Using stress management tools also helps to reduce the stress when I’m in the middle of feeling overwhelmed. My preferred method of organization is to use a balanced to-do list, a bullet journal, and a weekly schedule template. I organize myself and manage my stress by using the following steps:
1. Write down everything you need to do
When you begin to notice you feel overwhelmed, then its time to look at reorganising things. When I feel the panic rising, I stop and take some time to write down everything I need to do.
Making myself do this can often be difficult. Because I already feel anxious, the idea of seeing everything written down can initially increase my anxiety. However, I know from experience that after writing it all down and dividing it into manageable chunks, I will feel so much relief.
2. Identify which things are a priority and which can be postponed
Once everything is written down, it is then easier to see which tasks are a priority and which ones you can put off. Additionally, you can also look at ways to break down tasks to simplify
There are a number of to-do lists which help to manage stress. My favourite method is a variation of the Eisenhower Matrix. I begin by writing down everything I need to do and then move these into one of the four areas on the matrix. Even this initial step can considerably lower my anxiety as I realise how few of the pressing tasks are actually urgent.

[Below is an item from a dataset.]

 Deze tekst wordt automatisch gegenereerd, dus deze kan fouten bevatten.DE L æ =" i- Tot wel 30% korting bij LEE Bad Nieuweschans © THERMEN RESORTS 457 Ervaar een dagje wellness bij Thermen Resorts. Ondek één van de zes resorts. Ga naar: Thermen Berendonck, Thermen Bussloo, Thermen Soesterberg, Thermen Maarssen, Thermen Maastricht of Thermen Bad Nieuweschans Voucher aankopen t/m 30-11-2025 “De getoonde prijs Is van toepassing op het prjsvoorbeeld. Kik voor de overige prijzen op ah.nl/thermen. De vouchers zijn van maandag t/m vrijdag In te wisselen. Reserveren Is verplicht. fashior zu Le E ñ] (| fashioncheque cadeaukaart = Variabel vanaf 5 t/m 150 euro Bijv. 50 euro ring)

3. Start a Bullet journal for stress management
I find that having everything written down in one place, helps me to keep on top of things and stay organized. A couple of years ago, I began to keep a bullet journal which has become my most helpful stress management tool. You can find out more about what a bullet journal is and how to use one here.

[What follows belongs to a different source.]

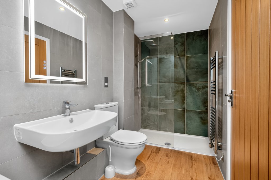 One of six houses in the secluded spot on the edge of the village of Bruton set within walking distance to the Bruton town center. Four Bedrooms - One Office - One En-Suite - Family Bathroom - Garden and Parking. Come and have a look for yourself! An elegant front door opens at the top of a small flight of steps to a hallway with access to an impressive kitchen/living area and utility room that make up the ground floor. The ‘Masterclass’ kitchen is luxuriously equipped with pull out larder, quartz worktops and integrated appliances that include a Neff fridge freezer, a Neff oven and induction hob and a Neff dishwasher. A dual height island is illuminated by three stylish lanterns and doubles as a breakfast bar. Underfoot, Italian wood effect tiles are warmed by underfloor heating and two fully glazed doors open to a pretty terrace outside. The living area is well proportioned and defined by some elegant tongue and groove panelling on the walls. Completing the ground floor is a separate utility room with wc and space for a washing machine. A flight of stairs rises from the hall to the first floor landing with access to two bedrooms, a dressing room and a family bathroom. A second staircase rises to the second floor with the principle bedroom with en suite bathroom and a fourth bedroom. All the bedrooms are generously proportioned and come with good views of the gardens and the surrounding countryside. The bathrooms are beautifully furnished with heated chrome towels, ‘state of the art’ mirrors with built in lighting options and high end fixtures and fittings. Individual thermostats allow zoned heating.

I find the bullet journaling method incredibly helpful. You can organize these in whatever way suits you best. For example, I use mine as a daily reflection diary, a habit tracker, and a place to keep a list of things I need to do. I have found keeping a bullet journal to be of great benefit to my mental health.
A bullet journal can be tailored to your individual needs. In my journal, I have my main to do list, broken down into priority status. I then have a daily to do, where I pick a couple of things out from my main list to tackle. When anything new comes up, I add a note to my bullet journal and later on I can look at how best to schedule it.
4. Create a weekly schedule
Once I’ve completed my priority To-do list and organized my bullet journal, I then move on to organize my time. I like to create a weekly schedule to keep me on track. This isn’t a necessity for most people but it is a priority for me because I work and study from home.
I use a weekly schedule which I create on my laptop and download. On my weekly schedule are the priority tasks. My priorities include the absolute minimum amount of Open University study hours and freelance work hours I need to do each week. I first add all my appointments in for the week, and then create blocks of time for study, filming and writing. I make sure each of these are in manageable chunks.
Allowing for Flexibility At Stressful Times
Life is not something we can control so it is important that we can change our routines when we need to. For this reason, flexibility is an important tool in looking after our mental health.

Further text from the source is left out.